To customize the base container, configuration files used during model training and validation with Clara Train TLT must be available. Also, the TLT trained model must have been exported using a format compatible with TensorRT Inference Server.

This base inference application shares the same set of transform functions and the same scanning window inference logic, however, inference is performed on TensorRT Inference Server, TRTIS, and the output writer is Clara Deploy specific in order to support Clara Deploy pipeline results registration.
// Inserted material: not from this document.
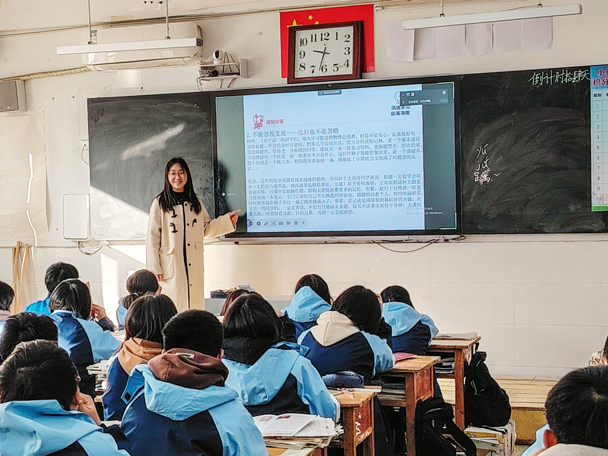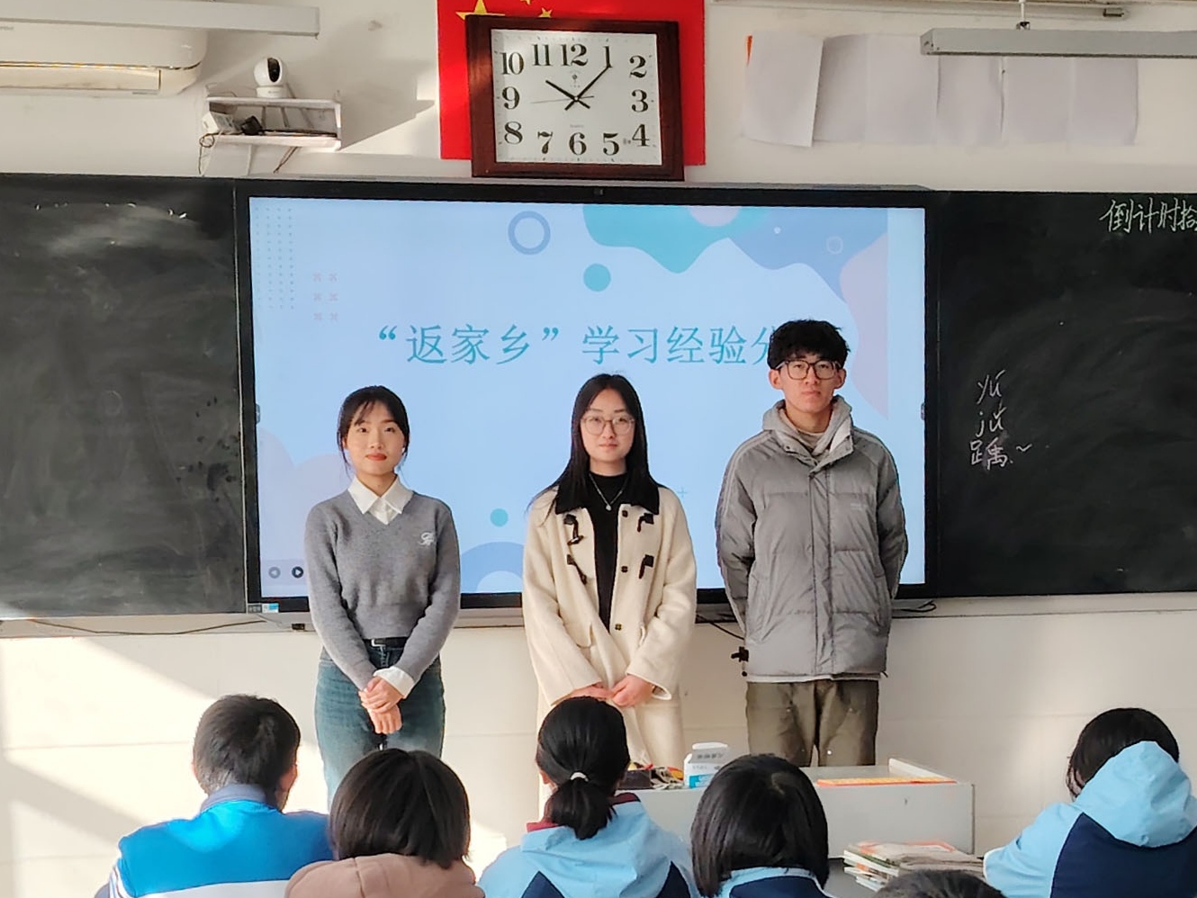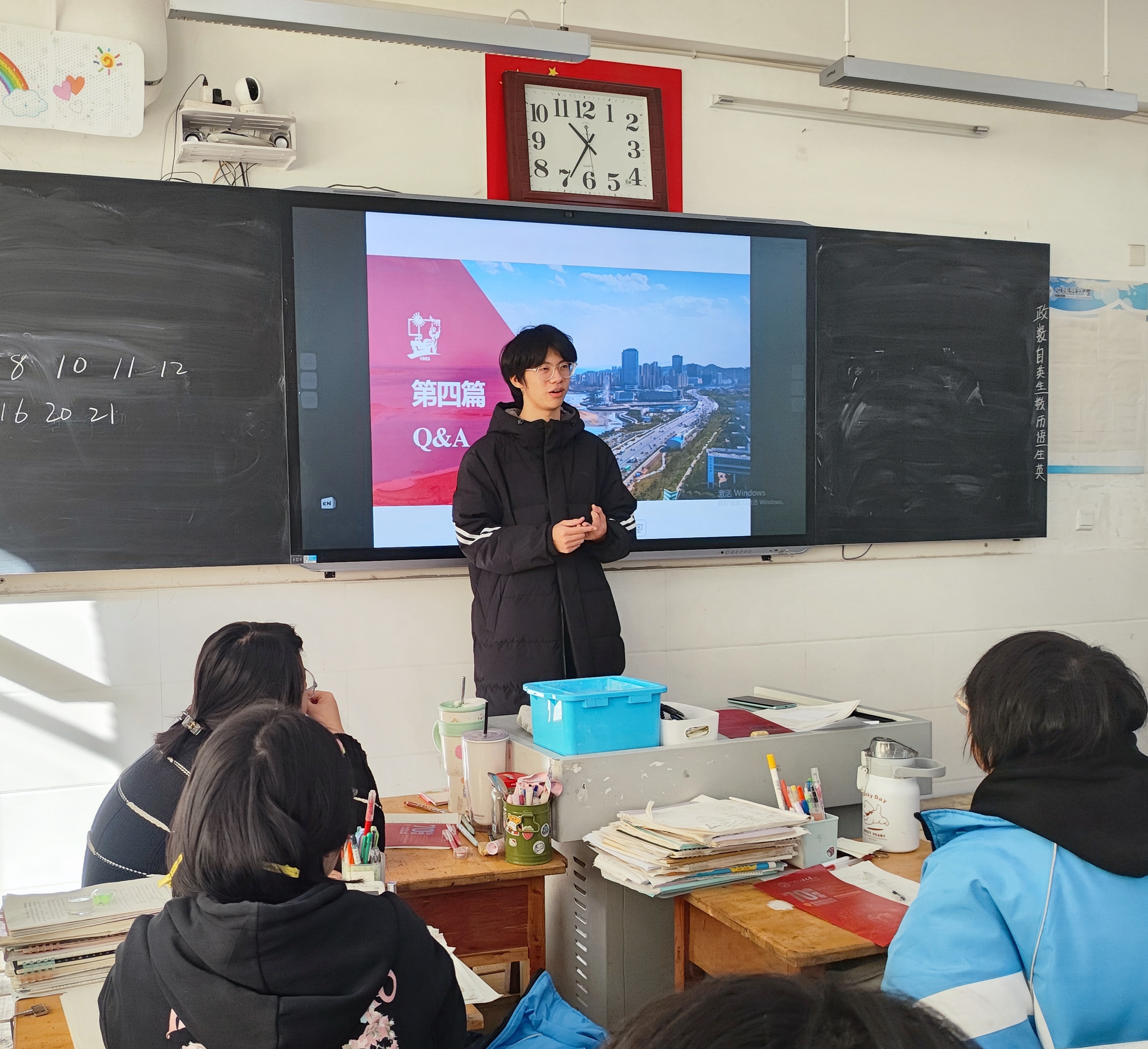 活动开始前,实践队成员与高中班主任取得联系,确定宣讲时间和班级。首先,实践队成员进入阳信一中高三九班,为同学们分发招生宣传手册并播放招生宣传片《少年·少年》。主讲人张盈盈以PPT演示的形式从学校历史、地理位置、教学资源等角度详细介绍学校,加深同学们对学校的了解。随后,张盈盈、宋杰炜先后与同学们分享自己高中时期学习各个学科和及时调整学习状态的经验。最后,实践队成员就同学们提出的有关学校的录取情况、校园生活和环境以及高中学习的问题进行回答。

This base application is included in the Clara Deploy SDK as a pre-built container. Steps on how to create model specific application containers is provided in this section, and a sample application is also provided in the SDK.

7.1.1.1. Version information

This base inference application is targeted to run in the following environment:

  • Unbuntu 16.04

  • Python 3.5

  • NVIDIA TensorRT Inference Server Release 0.11.0, internally Release 19.02

7.1.2. Inputs

This application, in the form of a Docker container, expects an input folder /input by default, which can be mapped to the host volume when the Docker container is started. Expected in this folder is a volume image file, of the format of Nifti or MetaImage. Further, it is expected that the volume image is constructed from a single series of a DICOM study, typically the axial series with data type of original primary.

7.1.3. Outputs

This application saves the segmentation results to an output folder, /output by default, which also can be mapped to a folder on the host volume. After the successful completion of the application, a segmentation volume image, of the format MetaImage, is saved in the output folder. The name of the output file is the same as that of the input file, due to certain limitations of the downstream consumer in Clara Deploy SDK.

This container also publishes data for the Clara Deploy Render Server, in the /publish folder by default. The original volume image, segmented volume image, along with config files for the Render Server are saved in this folder.

7.1.4. AI Model

For testing, this base application uses a model provided by the NVIDIA Clara Train TLT for liver tumor segmentation, namely segmentation_liver_v1. It is converted from TensorFlow Checkpoint model to tensorflow_graphdef using TLT model export tool. The input tensor is of shape 96x96x96 with a single channel and the output of the same shape with 3 channels.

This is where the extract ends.